I need to delete 20 million rows from a table...

  • I have a table with @ 20 Million rows of data I want to truncate or delete. I don't need any of the data in it anymore at all. I also need to do this on disk space challenged servers. Each row is comprised of 71 characters divided as 35, 35 and 1 in the included columns. Would it be best to:

    - DELETE in batches (don't think so myself)

    - TRUNCATE the table (concerned how many pages get logged in this scenario)

    - Possibly? SCRIPT, DROP and RECREATE the offending table?
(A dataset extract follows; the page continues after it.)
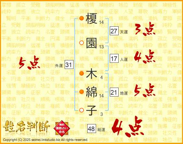 榎(14画)園(13画) 木(4画)綿(14画)子(3画)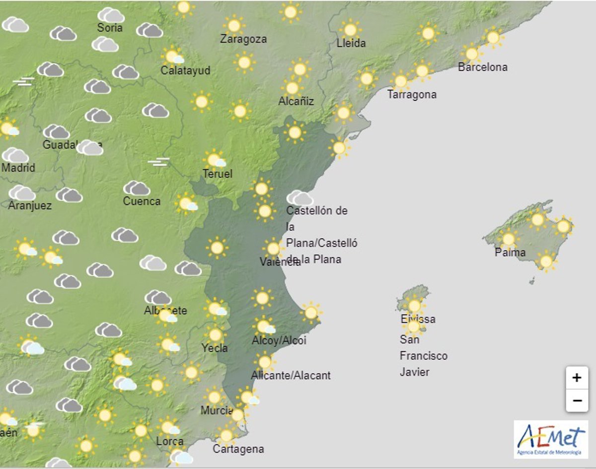 Según la predicción de la Agencia Estatal de Meteorología, la temperatura máxima prevista son los 25 grados que tendrán Alicante y Valncia. Elche, Orihuela y la Vall d'Uixó se quedarán en 24; Dénia en 23; Gandia tendrá 22 y Castelló, 21. Morella registrará la máxima más baja, con 17 grados.

    The table itself is not foreign keyed anywhere, nor does it participate in an indexed view. It is not replicated anywhere, although it might be at some point. And yes, I know I need to get after the devs to create a process that limits growth here going forward -- that is not in my province to dictate however. I can merely "suggest" and hope which sucks, but I digress.

    I am an accidental, but long time and fairly capable DBA here where I work. In other words, I ask other experts before I leap on faith alone lol...

    What say you experts out there?

  • If you want to remove all the data in the table, TRUNCATE TABLE.

    Gail Shaw
    Microsoft Certified Master: SQL Server, MVP, M.Sc (Comp Sci)
    SQL In The Wild: Discussions on DB performance with occasional diversions into recoverability

    We walk in the dark places no others will enter
    We stand on the bridge and no one may pass
  • TRUNCATE will be faster and be minimally logged (it will only log the page deallocations in the transaction log), if the data isn't needed this is the route to take.

    ______________________________________________________________________________Never argue with an idiot; Theyll drag you down to their level and beat you with experience

  • TRUNCATE, but be cautious if you want any auto-increment PK columns to not reseed back to the original seed value of the table.

    If that is the case, i would capture what I want the new initial seed to be, then reset it after the truncate.

  • MyDoggieJessie (3/12/2014)


    TRUNCATE will be faster and be minimally logged.

    Fully logged. It's efficiently logged, but it is fully logged, not minimally logged. Minimally logged has a specific definition.

    Gail Shaw
    Microsoft Certified Master: SQL Server, MVP, M.Sc (Comp Sci)
    SQL In The Wild: Discussions on DB performance with occasional diversions into recoverability

    We walk in the dark places no others will enter
    We stand on the bridge and no one may pass
  • GilaMonster (3/12/2014)


    MyDoggieJessie (3/12/2014)


    TRUNCATE will be faster and be minimally logged.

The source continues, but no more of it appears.